Problem Statement

You are given a simple undirected graph with $N$ vertices and $M$ edges. The vertices are numbered $1$ to $N$, and the $i$-th edge connects vertex $A_i$ and vertex $B_i$. Let us delete zero or more edges to remove cycles from the graph. Find the minimum number of edges that must be deleted for this purpose.

What is a simple undirected graph? A simple undirected graph is a graph without self-loops or multi-edges whose edges have no direction.

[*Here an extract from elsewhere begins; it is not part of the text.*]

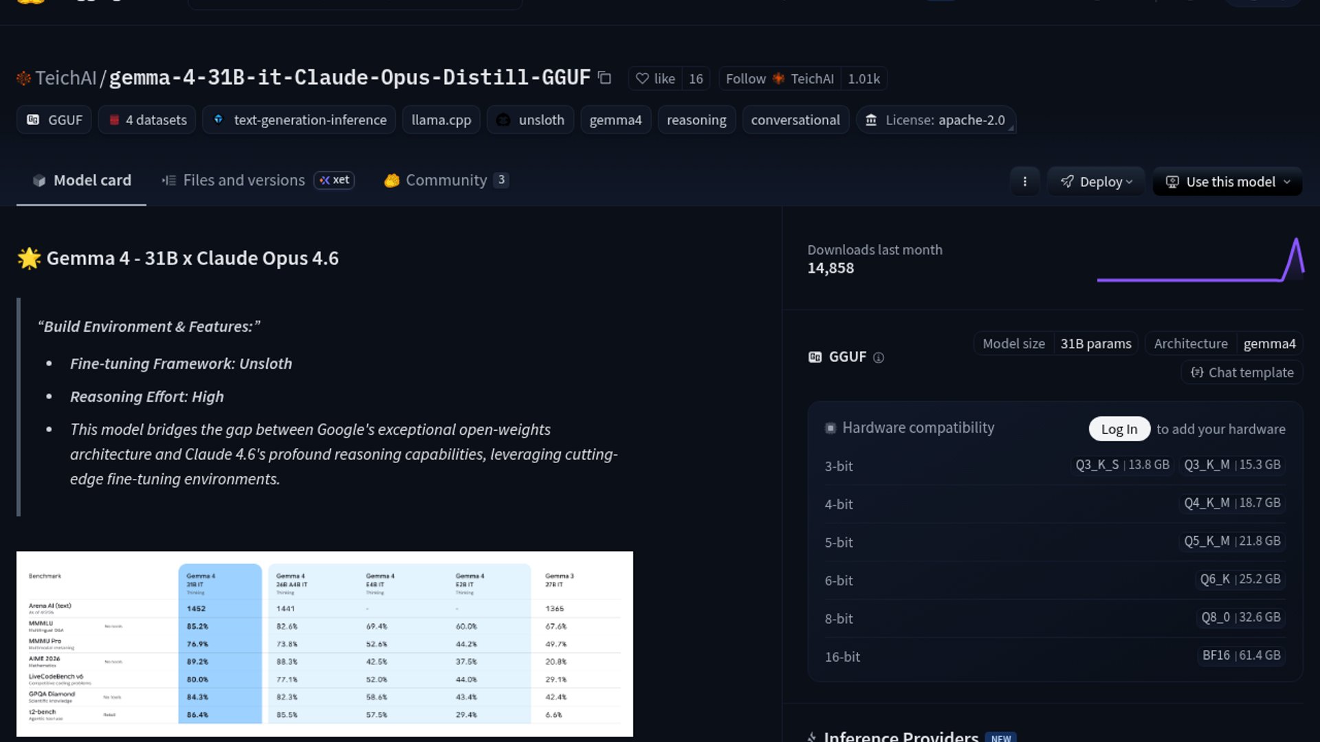 TeichAI has released a GGUF quantization of Gemma 4-31B, fine-tuned with reasoning trajectories distilled from Claude 4.6 Opus. This local model brings frontier-level coding and reasoning capabilities to consumer hardware like the RTX 5090.

What is a cycle? A cycle in a simple undirected graph is a sequence of vertices $(v_0, v_1, \\ldots, v_{n-1})$ of length at least $3$ satisfying $v_i \\neq v_j$ if $i \\neq j$ such that for each $0 \\leq i < n$, there is an edge between $v_i$ and $v_{i+1 \\bmod n}$.

Constraints

• $1 \\leq N \\leq 2 \\times 10^5$
• $0 \\leq M \\leq 2 \\times 10^5$
• $1 \\leq A_i, B_i \\leq N$
• The given graph is simple.
• All values in the input are integers.

Input

The input is given from Standard Input in the following format:

$N$ $M$ $A_1$ $B_1$ $A_2$ $B_2$ $\\vdots$ $A_M$ $B_M$

Output

Print the answer.

Sample Input 1

6 7
1 2
1 3
2 3
4 2
6 5
4 6
4 5

Sample Output 1

2

One way to remove cycles from the graph is to delete the two edges between vertex $1$ and vertex $2$ and between vertex $4$ and vertex $5$.
There is no way to remove cycles from the graph by deleting one or fewer edges, so you should print $2$.

Sample Input 2

4 2
1 2
3 4

Sample Output 2

0

Sample Input 3

5 3
1 2
1 3
2 3

Sample Output 3

1